The allegations of the complaint establish that Polish workers in general were paid much less than American workers. Id. ¶ 31. For instance, on job sites where Paduch was compensated at $22.00 per hour and Dabek $28.00, the non-Polish workers were earning $48.00 per hour. Id. Similarly, when Maslowski's pay was reduced from $30 to $20 per hour, only he and his fellow Polish laborers suffered the pay cut; the other laborers did not. Id. ¶¶ 18-19. Further, the plaintiffs typically worked five or six days per week, normally in excess of eight hours per day, and usually in excess of 40 hours per week. Id. ¶¶ 32-34. In addition, the plaintiffs and other Polish workers were not paid the required 1.5 times the regular pay for hours worked in excess of 40 per week. Id. ¶ 34.

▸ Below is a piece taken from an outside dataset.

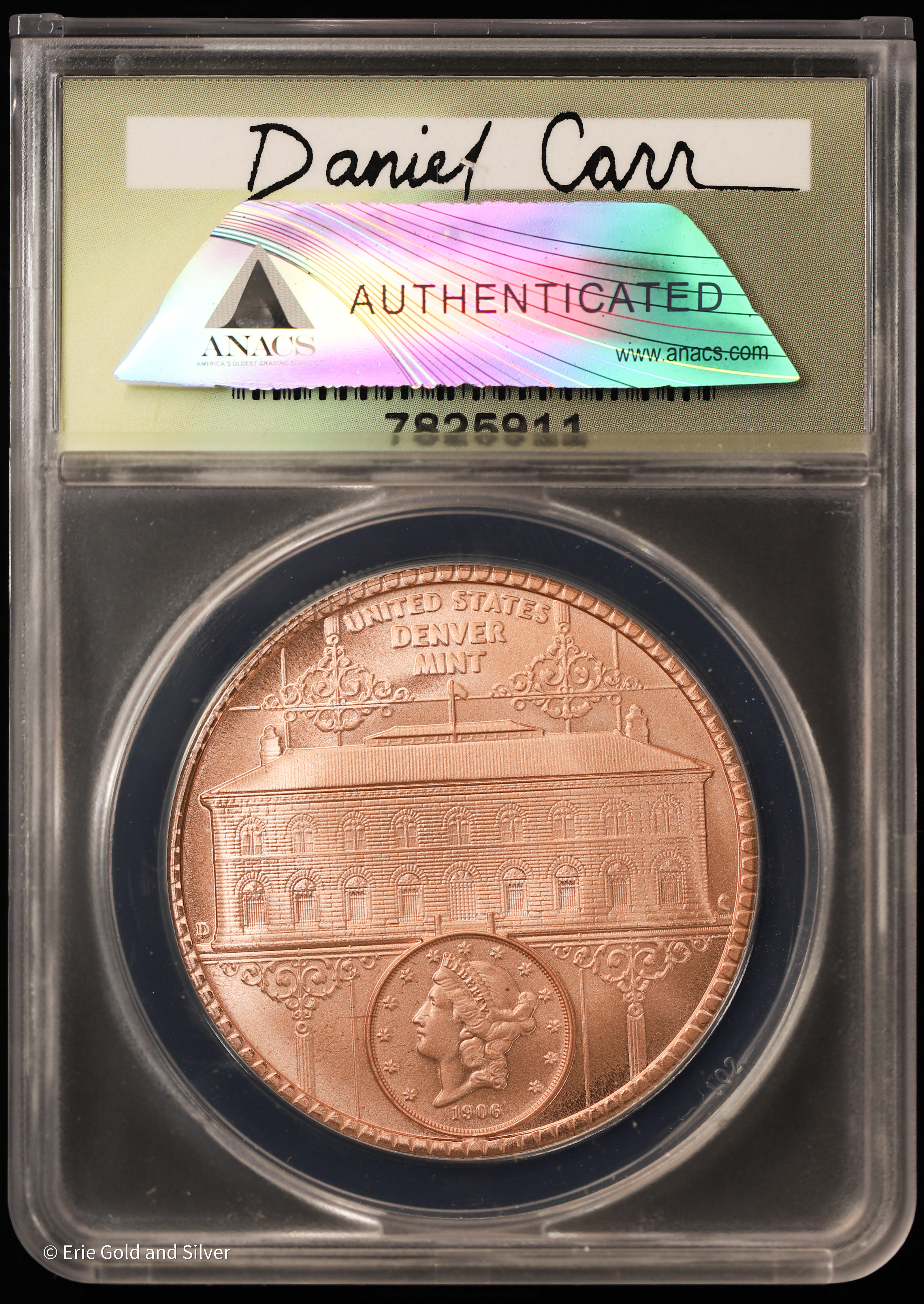For sale is a 2025 Dan Carr Lesher Use Copper for Industrial Prosperity "B" Medal. Graded / Certified by ANACS at MS 69 Red.

As noted above, the plaintiffs seek to recover back pay, overtime pay, and liquidated damages. Although the plaintiffs assert a number of causes of action seeking the relief requested, only certain claims are viable, and the plaintiffs fall short of establishing that they are entitled to all of the damages sought.

A. Section 1981

The plaintiffs' Section 1981 claim fails as matter of law. The plaintiffs assert that they were discriminated against because they are Polish, that is, because of their national origin. It is well-established, however, that Section 1981 was enacted to combat racial discrimination, see Saint Joseph's College v. Al-Khazraji, 481 U.S. 604, 613, 107 S.Ct 2022, 2028, 95 L.Ed.2d 582 (1987), and does not cover discrimination based on national origin. See Lee v. Sony BMG Music Entertainment Inc., 557 F. Supp.2d 418, 424 (S.D.N.Y. May 15, 2008) quoting Saint Joseph's College, 481 U.S. at 613. The claims brought here under Section 1981 therefore must be dismissed with prejudice.

B. Title VII

The plaintiffs also claim the defendants have engaged in discrimination that violated Title

VII. Title VII of the Civil Rights Act of 1964, codified at 42 U.S.C. §§ 2000e et seq., provides that, (a) It shall be an unlawful employment practice for an employer-

(1) to fail or refuse to hire or to discharge any individual, or otherwise to discriminate against any individual with respect to his compensation, terms, conditions, or privileges of employment, because of such individual's race, color, religion, sex, or national origin.

42 U.S.C. § 2000e-2(a)(1).

Before commencing an action in federal court under Title VII, a claimant must first file a claim with the EEOC. Title VII requires that charges brought under it must be filed with the EEOC within at most 300 days after the alleged unlawful employment practice occurred in order for it to be timely. If the plaintiff does not file the charge with the EEOC, the plaintiff loses the ability to recover for it. National R.R. Passenger Corp. v. Morgan, 536 U.S. 101, 109--10 (2002); 42 U.S.C. ยงยง 2000e--5(e)(1), 2000e--5(f)(1). If ...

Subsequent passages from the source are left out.